5 Chris Cheatham December 10, 2008 at 7:26 pm

Fantastic post! You really covered the issues very well. When I was at Greenbuild, I heard a great presentation regarding creating green building codes. The speech presented three steps for creating green regulations: (1) Incentivize; (2) Educate; and (3) Mandate.

It seems we are still at the incentivize/educate level in most jurisdictions. I get nervous when I see green building mandates.

And thanks for the link, lavardera!


6 Kevin D December 13, 2008 at 12:53 am

I’m personally not a big fan of traditional green politics, like passing laws that favor evaporative coolers over conventional A/C. (This happened in Denver recently) In most cases, market forces combined with lots of consumer education will produce the best results. “Unintended consequences” often result from poorly thought out laws. All other things being equal, fewer laws are better than more laws for many reasons. High on that list of reasons is the need for fewer lawyers.

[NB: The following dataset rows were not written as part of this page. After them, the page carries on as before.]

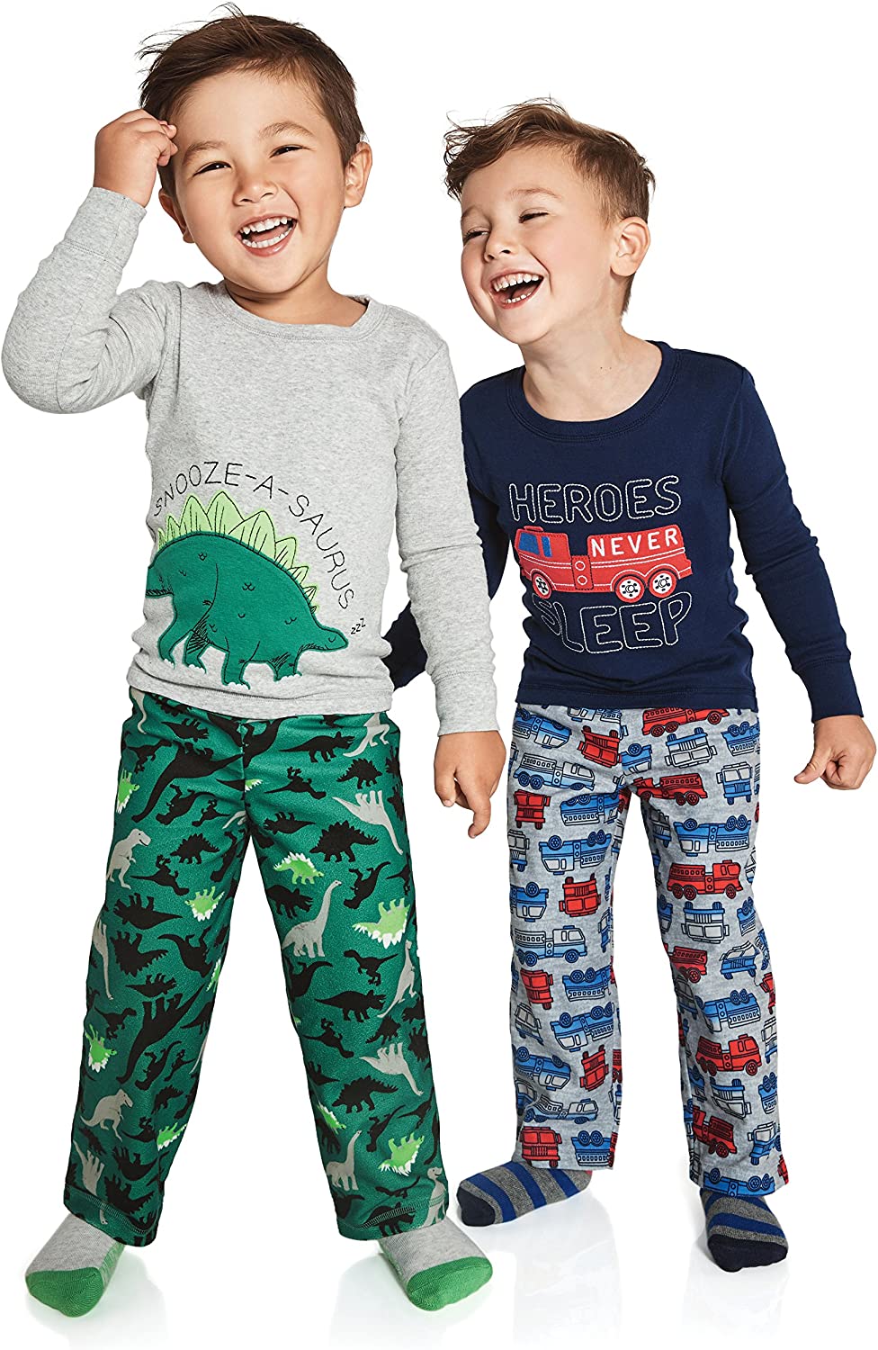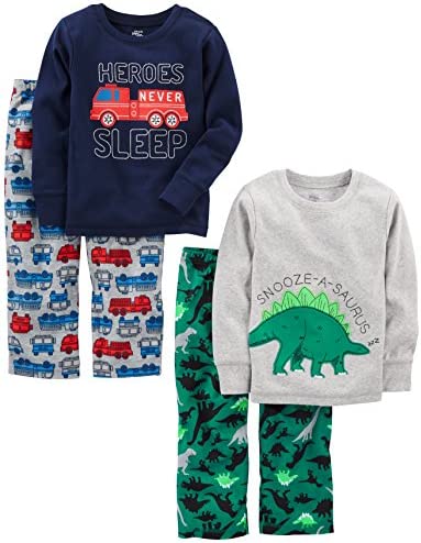 Simple Joys by Carter's Boys and Toddlers' 4-Piece Pajama Set (Cotton Top & Fleece Bottom)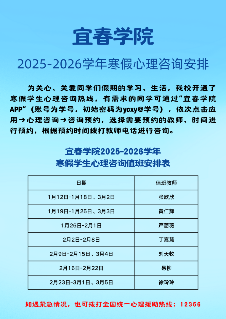 如果你在假期中感到需要更多支持,或想要梳理情绪、探讨成长,我们依然在这里。学生工作处大学生心理健康教育与咨询中心在寒假期间提供持续的心理咨询服务。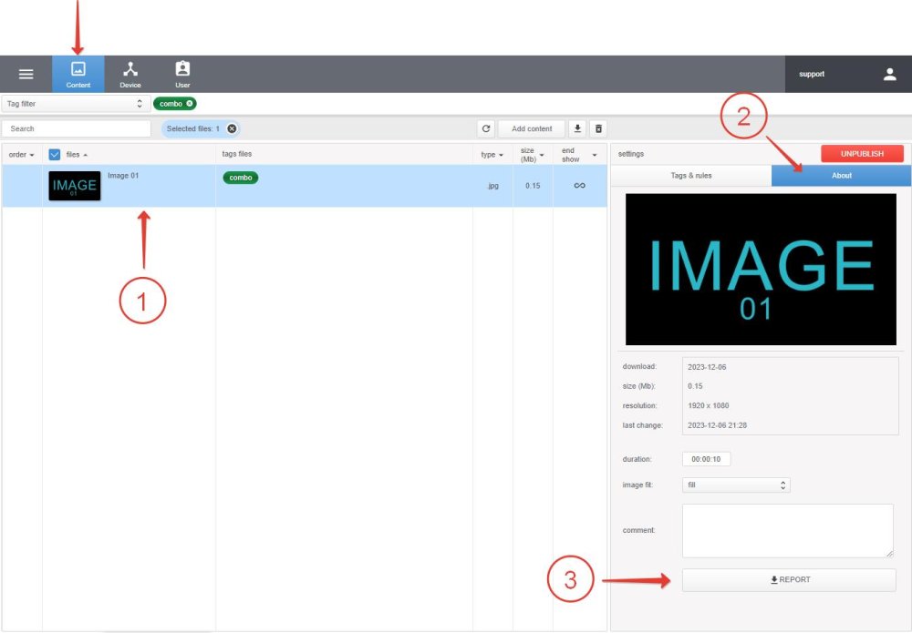 To download the report, go to the Content section, select the file or files (using Shift), then go to the About section and click Report to download the report.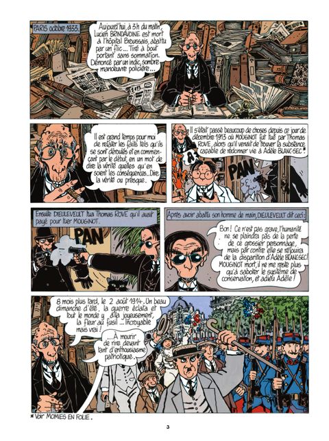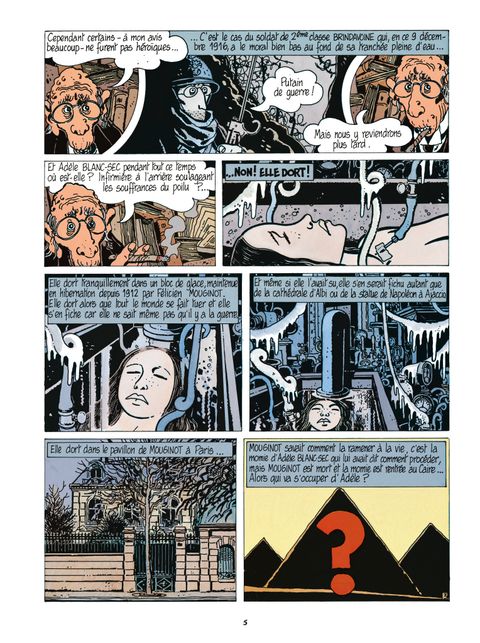 Adèle Blanc-Sec est maintenue en hibernation dans un bloc de glace depuis 1912. La Première Guerre mondiale a maintenant éclaté et, sur le front, les combats font rage. C'est là que le soldat de 2e classe Brindavoine fait une étrange rencontre : une statue qui parle lui confie la mission de l'aider à ramener Adèle à la vie...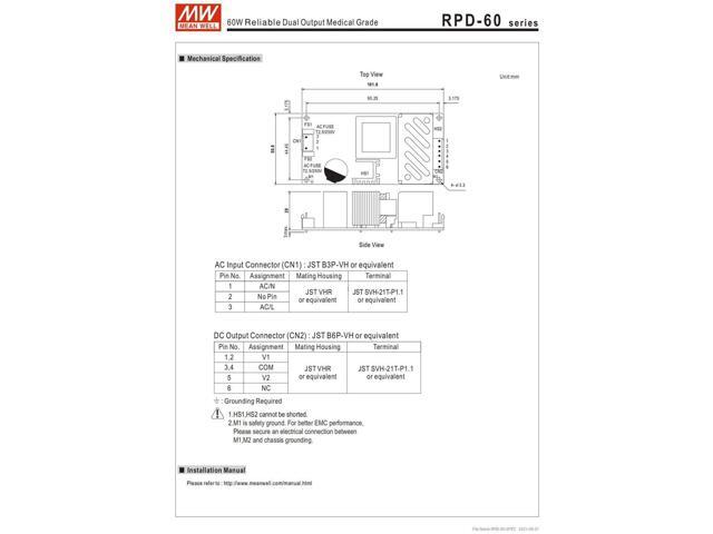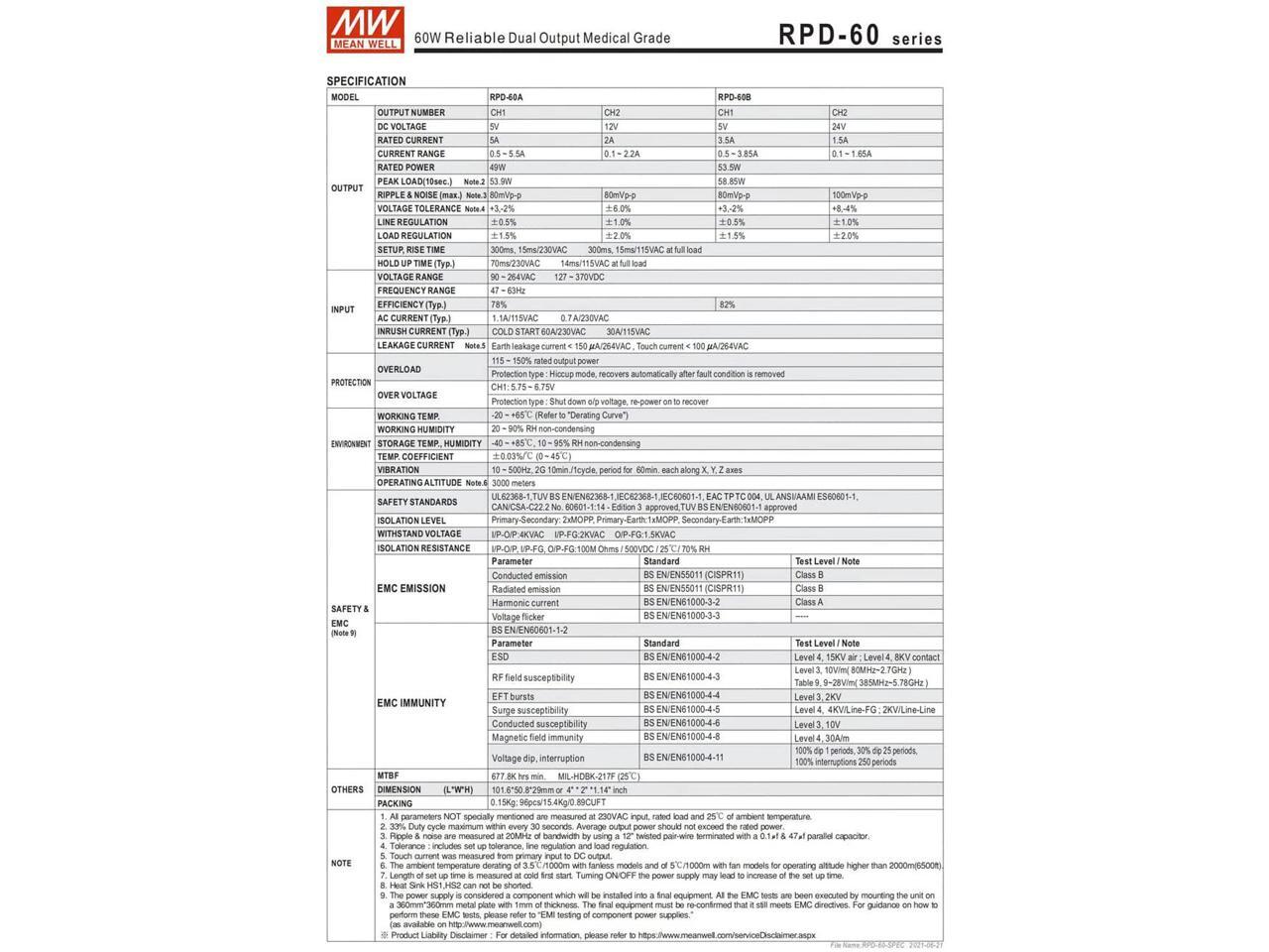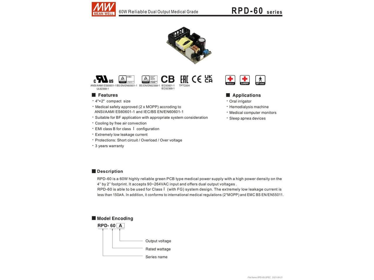 - The RPD-60 series conforms to international medical regulations (2*MOPP) and EMC BS EN/EN55011, is a 60W highly reliable green PCB type medical power supply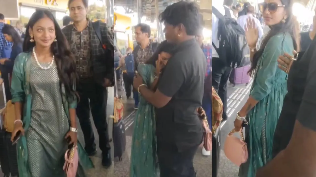 एयरपोर्ट के बाहर हरे रंग की ड्रेस पहने खड़ी मोनालिसा के साथ उनकी मां और पापा भी नजर आ रहे हैं, जो अपनी बेटी को सी ऑफ करने पहुंचे। मोनालिसा पहले तो हंसते हुए अपने पिता के पास आती हैं, उन्हें गले लगाती हैं और फिर इमोशनल हो जाती हैं। पिता के गले लगते ही मोनालिसा रोने लगती हैं और फिर आंखों में चश्मा लगाकर अपने आंसू छिपाती नजर आती हैं।

Chris Nevitt, Denver’s “greenest” city councilman, however, informed me of an interesting law passed by the city of Berkeley, CA. If you own a home and want to put photovoltaic solar on the roof, find a contractor and get a bid. The city will pay for it, then add the cost to your property tax bill to be paid over time.

With a financing scheme like that, there really aren’t any barriers to PV ownership. The yearly savings on your electricity bill is instantly larger than the property tax increase.

Where you definitely get into trouble is when the technology being promoted isn’t the best solution, even if it was when the law was passed. The free market reacts to technology improvements much quicker and more accurately.

7 Nic Darling December 15, 2008 at 11:42 am

Kevin – I fully agree on the technology point. Legislation that mandates technology will be quickly outdated. Even if it does, by some chance, back the right solution, our tediously slow process can never hope to keep up. However, creating laws which demand certain levels of performance regardless of the technology used to reach those levels, could be useful.

Laws which mandate, or even just incentivize, performance standards, demonstrate the importance of that particular type of performance. This can, if leveraged properly, be used as a tool to educate the consumer without negatively impacting innovation in the market. The only ones hurt by minimum performance requirements are those too stagnant to improve their products and methods (mileage standards vs. the US automakers).

Will government mandates for green building be cumbersome and laden with the bribery-induced extras that plague nearly all of our laws? Yes, but, as Steve said, sometimes an imperfect law can be useful. Legislation is sometimes the only tool by which change can be started. The market will not shift if the current methods are profitable and many industries have proven themselves remarkably good at hiding bad practices behind a curtain of prosperity. Legislation is occasionally the way to pull back the curtain, and then, as many of you pointed out, it is the role of innovators to create change.